Segment Open
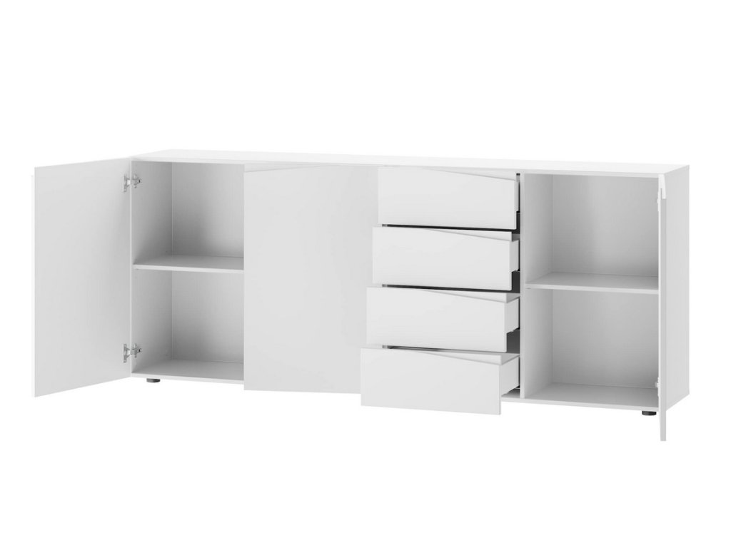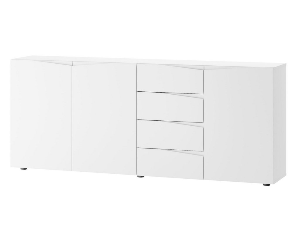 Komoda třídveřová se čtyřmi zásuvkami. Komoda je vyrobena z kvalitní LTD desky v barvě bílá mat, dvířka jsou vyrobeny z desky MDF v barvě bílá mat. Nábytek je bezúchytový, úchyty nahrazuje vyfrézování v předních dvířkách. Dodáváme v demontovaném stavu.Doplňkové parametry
Segment Closed
Segment Open
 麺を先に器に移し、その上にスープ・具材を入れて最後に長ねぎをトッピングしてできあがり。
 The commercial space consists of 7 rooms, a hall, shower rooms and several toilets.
Segment Closed
**PROBLEM DESCRIPTION:** Print the lines above from the one with "麺を先に器に移し、その上にス" through the one with "The commercial space", both included, exactly as written and nothing more.

**ANSWER BELOW:**
 麺を先に器に移し、その上にスープ・具材を入れて最後に長ねぎをトッピングしてできあがり。
 The commercial space consists of 7 rooms, a hall, shower rooms and several toilets.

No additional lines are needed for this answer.